▶ DATASET RECORDS

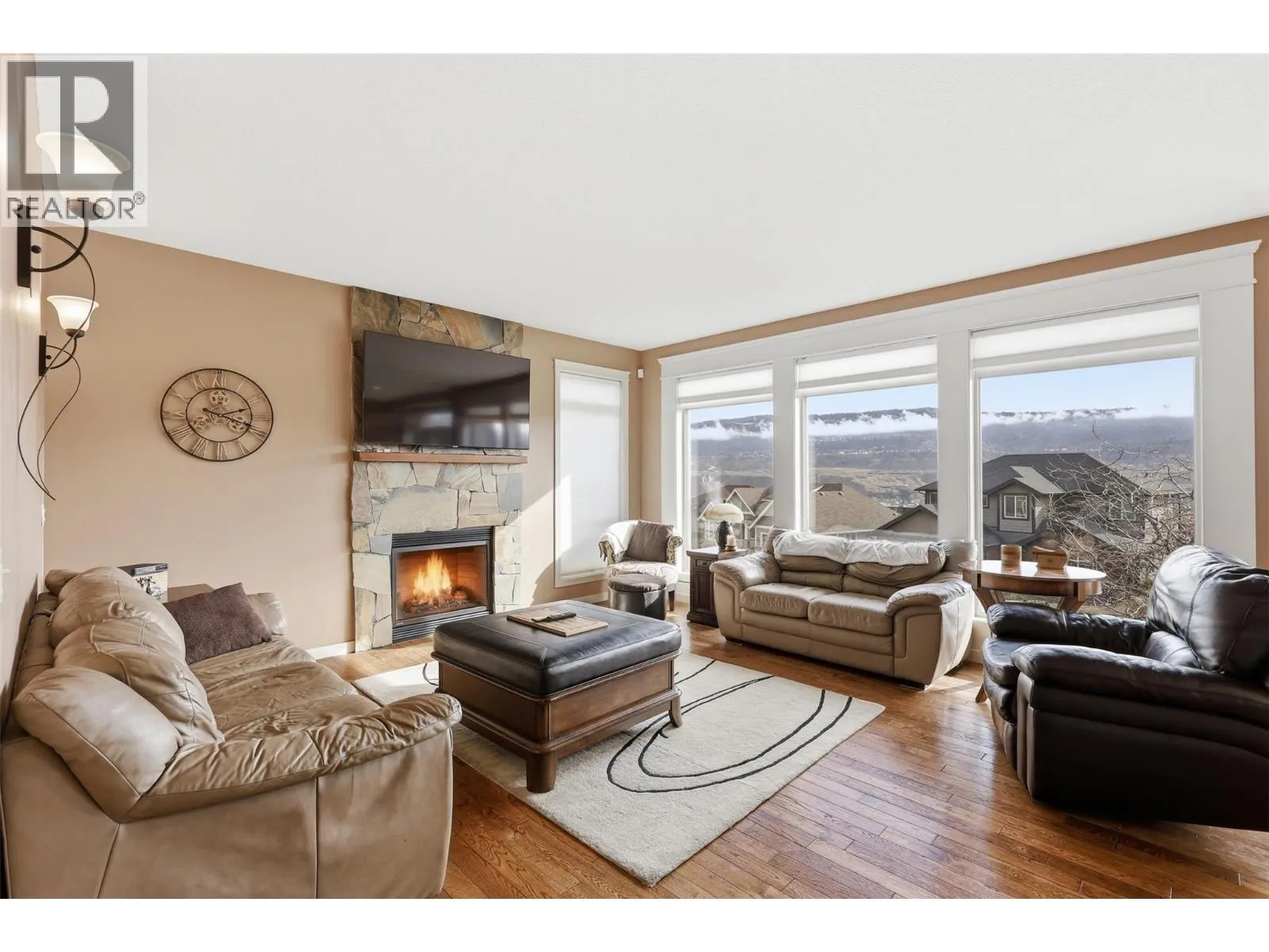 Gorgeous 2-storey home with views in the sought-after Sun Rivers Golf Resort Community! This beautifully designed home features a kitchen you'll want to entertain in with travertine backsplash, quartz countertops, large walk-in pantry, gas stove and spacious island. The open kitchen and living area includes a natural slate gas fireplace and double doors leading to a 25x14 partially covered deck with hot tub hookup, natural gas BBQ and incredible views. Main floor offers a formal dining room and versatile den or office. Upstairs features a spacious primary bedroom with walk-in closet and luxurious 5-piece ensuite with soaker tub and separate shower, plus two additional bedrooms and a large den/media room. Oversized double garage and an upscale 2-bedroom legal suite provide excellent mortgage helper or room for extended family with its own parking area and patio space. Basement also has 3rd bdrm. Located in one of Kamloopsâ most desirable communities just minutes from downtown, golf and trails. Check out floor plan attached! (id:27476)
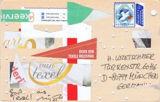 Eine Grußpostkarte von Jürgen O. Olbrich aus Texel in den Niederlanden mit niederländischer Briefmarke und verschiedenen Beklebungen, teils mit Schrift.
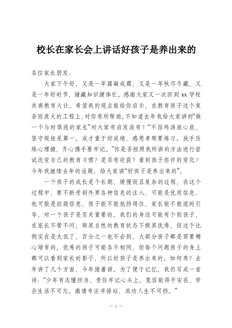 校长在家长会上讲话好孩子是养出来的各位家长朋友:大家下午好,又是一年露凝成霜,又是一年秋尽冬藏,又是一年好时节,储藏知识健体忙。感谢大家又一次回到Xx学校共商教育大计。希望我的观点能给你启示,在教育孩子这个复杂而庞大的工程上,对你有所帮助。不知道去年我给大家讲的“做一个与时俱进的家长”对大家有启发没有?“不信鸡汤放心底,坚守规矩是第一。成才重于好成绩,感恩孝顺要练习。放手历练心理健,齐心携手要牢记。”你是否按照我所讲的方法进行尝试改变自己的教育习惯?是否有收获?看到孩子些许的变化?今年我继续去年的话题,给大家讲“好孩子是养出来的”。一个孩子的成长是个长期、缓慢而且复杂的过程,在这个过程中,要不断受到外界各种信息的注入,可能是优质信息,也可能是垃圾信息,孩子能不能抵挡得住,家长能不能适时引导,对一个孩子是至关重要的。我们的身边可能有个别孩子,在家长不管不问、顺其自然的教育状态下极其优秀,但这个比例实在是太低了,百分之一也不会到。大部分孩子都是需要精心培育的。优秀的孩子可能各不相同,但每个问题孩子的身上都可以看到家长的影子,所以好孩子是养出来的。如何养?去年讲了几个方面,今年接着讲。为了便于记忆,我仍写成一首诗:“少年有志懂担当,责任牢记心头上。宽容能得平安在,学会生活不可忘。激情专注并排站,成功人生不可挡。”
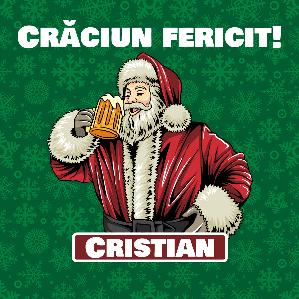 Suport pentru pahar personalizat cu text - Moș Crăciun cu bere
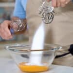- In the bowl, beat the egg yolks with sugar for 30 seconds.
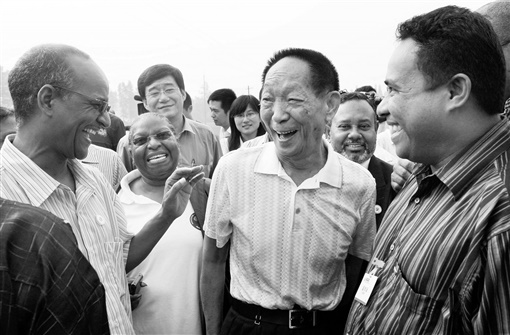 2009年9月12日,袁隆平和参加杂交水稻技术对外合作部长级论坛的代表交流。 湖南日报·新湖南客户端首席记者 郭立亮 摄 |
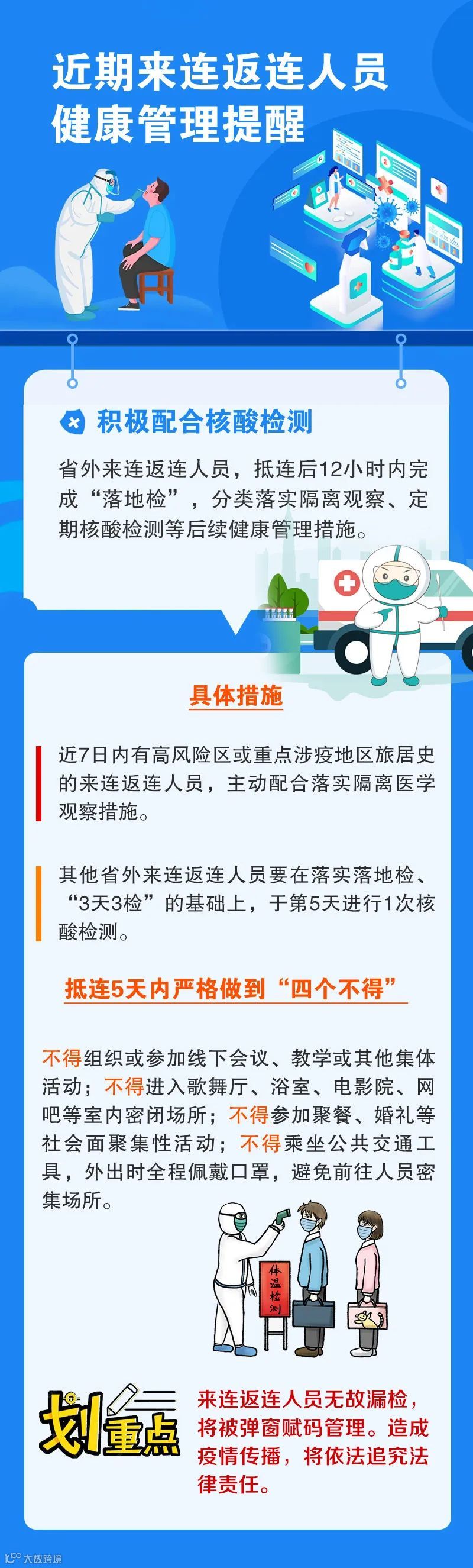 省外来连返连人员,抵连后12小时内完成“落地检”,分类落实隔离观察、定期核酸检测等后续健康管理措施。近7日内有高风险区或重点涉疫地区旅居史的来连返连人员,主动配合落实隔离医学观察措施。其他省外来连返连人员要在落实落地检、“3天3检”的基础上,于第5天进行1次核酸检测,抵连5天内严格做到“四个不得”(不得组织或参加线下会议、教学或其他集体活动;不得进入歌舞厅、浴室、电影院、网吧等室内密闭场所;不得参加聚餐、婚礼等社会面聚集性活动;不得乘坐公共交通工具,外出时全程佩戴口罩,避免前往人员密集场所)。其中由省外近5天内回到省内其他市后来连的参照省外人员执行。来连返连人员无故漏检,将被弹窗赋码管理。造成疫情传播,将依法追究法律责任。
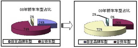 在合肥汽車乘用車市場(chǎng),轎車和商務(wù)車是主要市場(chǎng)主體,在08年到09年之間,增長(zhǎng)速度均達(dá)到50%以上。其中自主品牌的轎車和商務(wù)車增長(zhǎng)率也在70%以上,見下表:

▶ ABOUT THIS TASK
Omit the pictures, then print the rest of the listing above exactly.

▶ ANSWER BELOW
 Gorgeous 2-storey home with views in the sought-after Sun Rivers Golf Resort Community! This beautifully designed home features a kitchen you'll want to entertain in with travertine backsplash, quartz countertops, large walk-in pantry, gas stove and spacious island. The open kitchen and living area includes a natural slate gas fireplace and double doors leading to a 25x14 partially covered deck with hot tub hookup, natural gas BBQ and incredible views. Main floor offers a formal dining room and versatile den or office. Upstairs features a spacious primary bedroom with walk-in closet and luxurious 5-piece ensuite with soaker tub and separate shower, plus two additional bedrooms and a large den/media room. Oversized double garage and an upscale 2-bedroom legal suite provide excellent mortgage helper or room for extended family with its own parking area and patio space. Basement also has 3rd bdrm. Located in one of Kamloopsâ most desirable communities just minutes from downtown, golf and trails. Check out floor plan attached! (id:27476)
 Eine Grußpostkarte von Jürgen O. Olbrich aus Texel in den Niederlanden mit niederländischer Briefmarke und verschiedenen Beklebungen, teils mit Schrift.
 校长在家长会上讲话好孩子是养出来的各位家长朋友:大家下午好,又是一年露凝成霜,又是一年秋尽冬藏,又是一年好时节,储藏知识健体忙。感谢大家又一次回到Xx学校共商教育大计。希望我的观点能给你启示,在教育孩子这个复杂而庞大的工程上,对你有所帮助。不知道去年我给大家讲的“做一个与时俱进的家长”对大家有启发没有?“不信鸡汤放心底,坚守规矩是第一。成才重于好成绩,感恩孝顺要练习。放手历练心理健,齐心携手要牢记。”你是否按照我所讲的方法进行尝试改变自己的教育习惯?是否有收获?看到孩子些许的变化?今年我继续去年的话题,给大家讲“好孩子是养出来的”。一个孩子的成长是个长期、缓慢而且复杂的过程,在这个过程中,要不断受到外界各种信息的注入,可能是优质信息,也可能是垃圾信息,孩子能不能抵挡得住,家长能不能适时引导,对一个孩子是至关重要的。我们的身边可能有个别孩子,在家长不管不问、顺其自然的教育状态下极其优秀,但这个比例实在是太低了,百分之一也不会到。大部分孩子都是需要精心培育的。优秀的孩子可能各不相同,但每个问题孩子的身上都可以看到家长的影子,所以好孩子是养出来的。如何养?去年讲了几个方面,今年接着讲。为了便于记忆,我仍写成一首诗:“少年有志懂担当,责任牢记心头上。宽容能得平安在,学会生活不可忘。激情专注并排站,成功人生不可挡。”
 Suport pentru pahar personalizat cu text - Moș Crăciun cu bere
- In the bowl, beat the egg yolks with sugar for 30 seconds.
 2009年9月12日,袁隆平和参加杂交水稻技术对外合作部长级论坛的代表交流。 湖南日报·新湖南客户端首席记者 郭立亮 摄 |
 省外来连返连人员,抵连后12小时内完成“落地检”,分类落实隔离观察、定期核酸检测等后续健康管理措施。近7日内有高风险区或重点涉疫地区旅居史的来连返连人员,主动配合落实隔离医学观察措施。其他省外来连返连人员要在落实落地检、“3天3检”的基础上,于第5天进行1次核酸检测,抵连5天内严格做到“四个不得”(不得组织或参加线下会议、教学或其他集体活动;不得进入歌舞厅、浴室、电影院、网吧等室内密闭场所;不得参加聚餐、婚礼等社会面聚集性活动;不得乘坐公共交通工具,外出时全程佩戴口罩,避免前往人员密集场所)。其中由省外近5天内回到省内其他市后来连的参照省外人员执行。来连返连人员无故漏检,将被弹窗赋码管理。造成疫情传播,将依法追究法律责任。
 在合肥汽車乘用車市場(chǎng),轎車和商務(wù)車是主要市場(chǎng)主體,在08年到09年之間,增長(zhǎng)速度均達(dá)到50%以上。其中自主品牌的轎車和商務(wù)車增長(zhǎng)率也在70%以上,見下表:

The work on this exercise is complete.